Data section below:

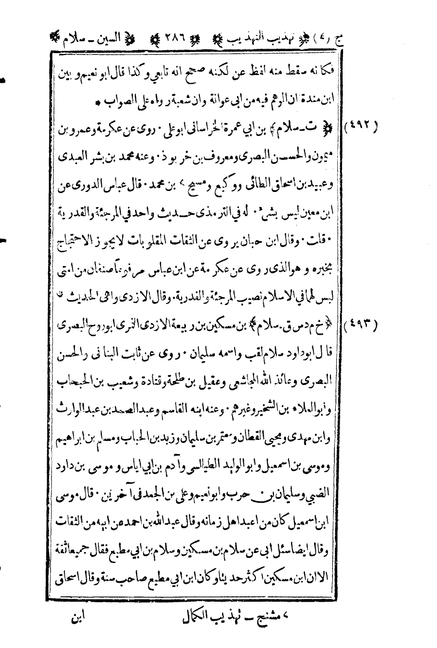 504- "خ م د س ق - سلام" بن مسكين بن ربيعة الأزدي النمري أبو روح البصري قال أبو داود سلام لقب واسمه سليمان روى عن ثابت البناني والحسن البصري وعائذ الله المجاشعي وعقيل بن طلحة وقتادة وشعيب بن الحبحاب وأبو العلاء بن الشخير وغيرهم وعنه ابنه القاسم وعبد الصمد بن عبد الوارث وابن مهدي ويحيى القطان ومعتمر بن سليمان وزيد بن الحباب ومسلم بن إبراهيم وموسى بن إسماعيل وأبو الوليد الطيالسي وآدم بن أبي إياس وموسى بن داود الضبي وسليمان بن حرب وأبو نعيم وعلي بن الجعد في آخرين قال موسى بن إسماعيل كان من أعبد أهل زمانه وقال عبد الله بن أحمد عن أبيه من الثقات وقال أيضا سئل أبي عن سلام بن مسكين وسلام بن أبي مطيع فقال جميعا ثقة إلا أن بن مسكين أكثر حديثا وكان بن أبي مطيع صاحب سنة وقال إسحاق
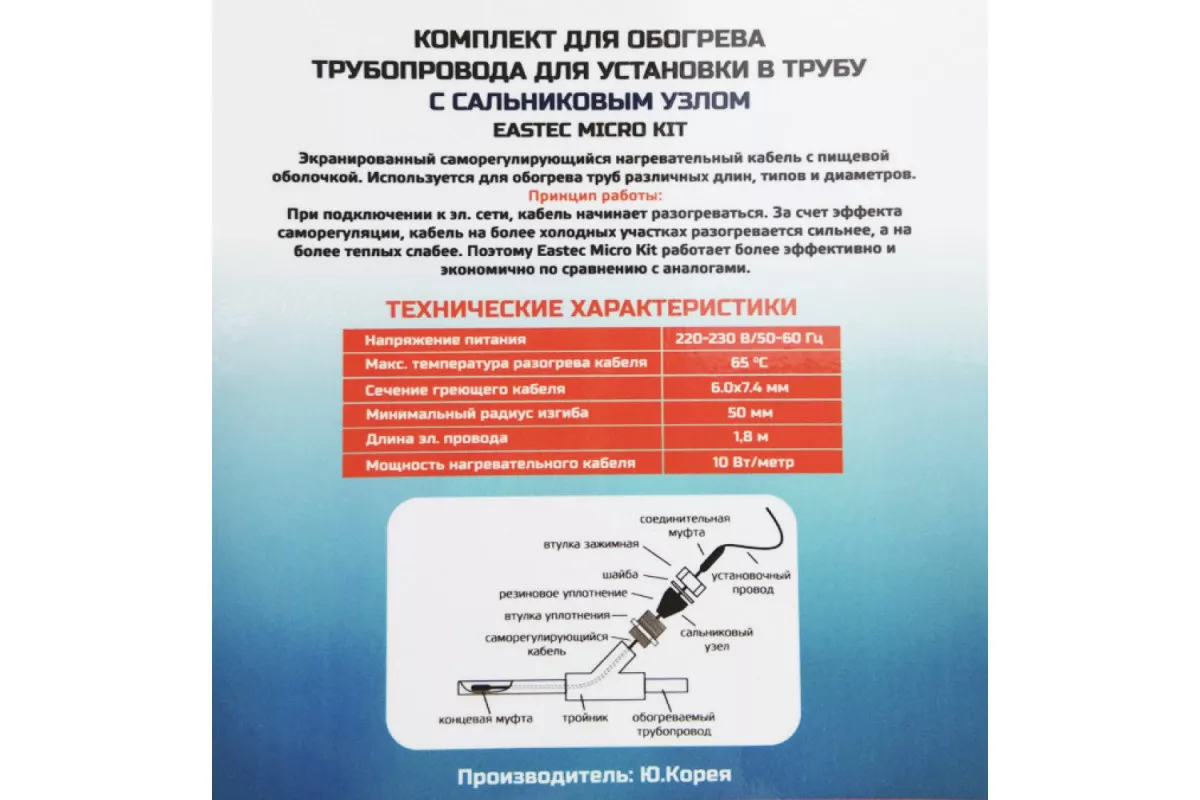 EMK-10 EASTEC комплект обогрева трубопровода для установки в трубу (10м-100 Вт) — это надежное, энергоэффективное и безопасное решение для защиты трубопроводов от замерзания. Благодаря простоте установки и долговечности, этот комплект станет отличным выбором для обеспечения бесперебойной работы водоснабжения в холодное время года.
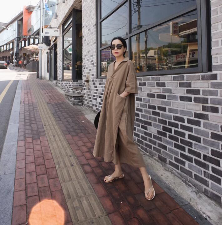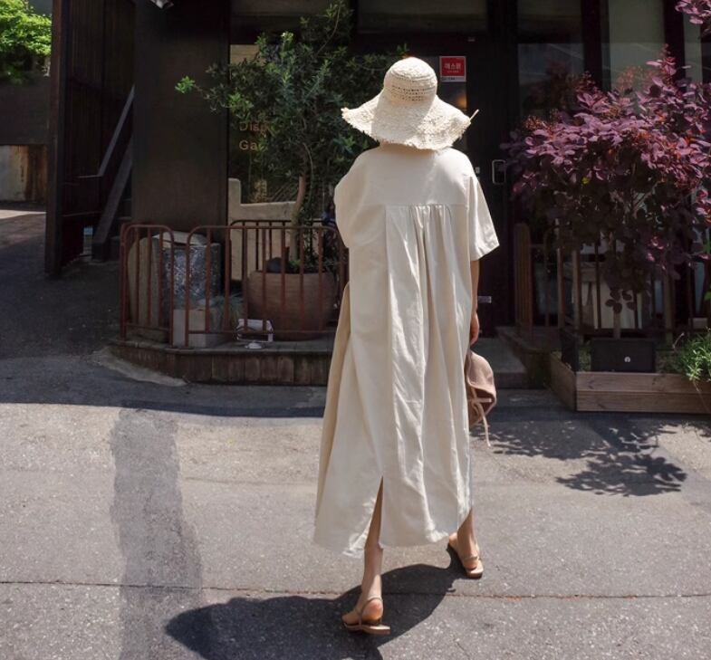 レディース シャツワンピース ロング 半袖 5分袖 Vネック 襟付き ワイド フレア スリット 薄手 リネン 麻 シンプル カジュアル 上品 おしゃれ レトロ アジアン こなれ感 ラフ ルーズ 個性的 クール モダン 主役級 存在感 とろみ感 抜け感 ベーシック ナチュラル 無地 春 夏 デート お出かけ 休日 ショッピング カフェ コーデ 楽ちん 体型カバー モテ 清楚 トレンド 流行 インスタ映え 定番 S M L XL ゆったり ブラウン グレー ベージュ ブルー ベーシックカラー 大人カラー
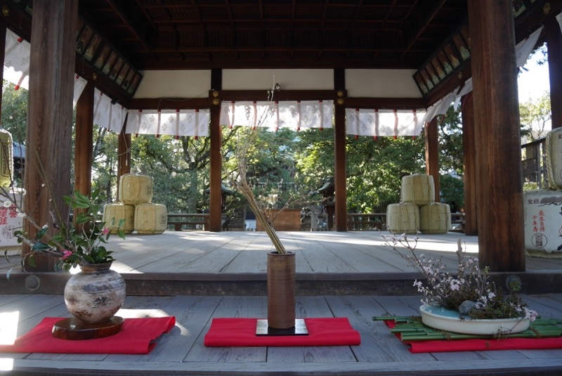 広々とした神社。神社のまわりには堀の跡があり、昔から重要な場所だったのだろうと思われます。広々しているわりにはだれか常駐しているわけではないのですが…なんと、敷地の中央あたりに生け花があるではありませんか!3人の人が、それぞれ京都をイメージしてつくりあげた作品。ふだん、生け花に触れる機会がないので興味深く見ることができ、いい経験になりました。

End of Data section.

* What is expected
Copy the listing exactly. Leave the pictures out.

* Your solution
 504- "خ م د س ق - سلام" بن مسكين بن ربيعة الأزدي النمري أبو روح البصري قال أبو داود سلام لقب واسمه سليمان روى عن ثابت البناني والحسن البصري وعائذ الله المجاشعي وعقيل بن طلحة وقتادة وشعيب بن الحبحاب وأبو العلاء بن الشخير وغيرهم وعنه ابنه القاسم وعبد الصمد بن عبد الوارث وابن مهدي ويحيى القطان ومعتمر بن سليمان وزيد بن الحباب ومسلم بن إبراهيم وموسى بن إسماعيل وأبو الوليد الطيالسي وآدم بن أبي إياس وموسى بن داود الضبي وسليمان بن حرب وأبو نعيم وعلي بن الجعد في آخرين قال موسى بن إسماعيل كان من أعبد أهل زمانه وقال عبد الله بن أحمد عن أبيه من الثقات وقال أيضا سئل أبي عن سلام بن مسكين وسلام بن أبي مطيع فقال جميعا ثقة إلا أن بن مسكين أكثر حديثا وكان بن أبي مطيع صاحب سنة وقال إسحاق
 EMK-10 EASTEC комплект обогрева трубопровода для установки в трубу (10м-100 Вт) — это надежное, энергоэффективное и безопасное решение для защиты трубопроводов от замерзания. Благодаря простоте установки и долговечности, этот комплект станет отличным выбором для обеспечения бесперебойной работы водоснабжения в холодное время года.
 レディース シャツワンピース ロング 半袖 5分袖 Vネック 襟付き ワイド フレア スリット 薄手 リネン 麻 シンプル カジュアル 上品 おしゃれ レトロ アジアン こなれ感 ラフ ルーズ 個性的 クール モダン 主役級 存在感 とろみ感 抜け感 ベーシック ナチュラル 無地 春 夏 デート お出かけ 休日 ショッピング カフェ コーデ 楽ちん 体型カバー モテ 清楚 トレンド 流行 インスタ映え 定番 S M L XL ゆったり ブラウン グレー ベージュ ブルー ベーシックカラー 大人カラー
 広々とした神社。神社のまわりには堀の跡があり、昔から重要な場所だったのだろうと思われます。広々しているわりにはだれか常駐しているわけではないのですが…なんと、敷地の中央あたりに生け花があるではありませんか!3人の人が、それぞれ京都をイメージしてつくりあげた作品。ふだん、生け花に触れる機会がないので興味深く見ることができ、いい経験になりました。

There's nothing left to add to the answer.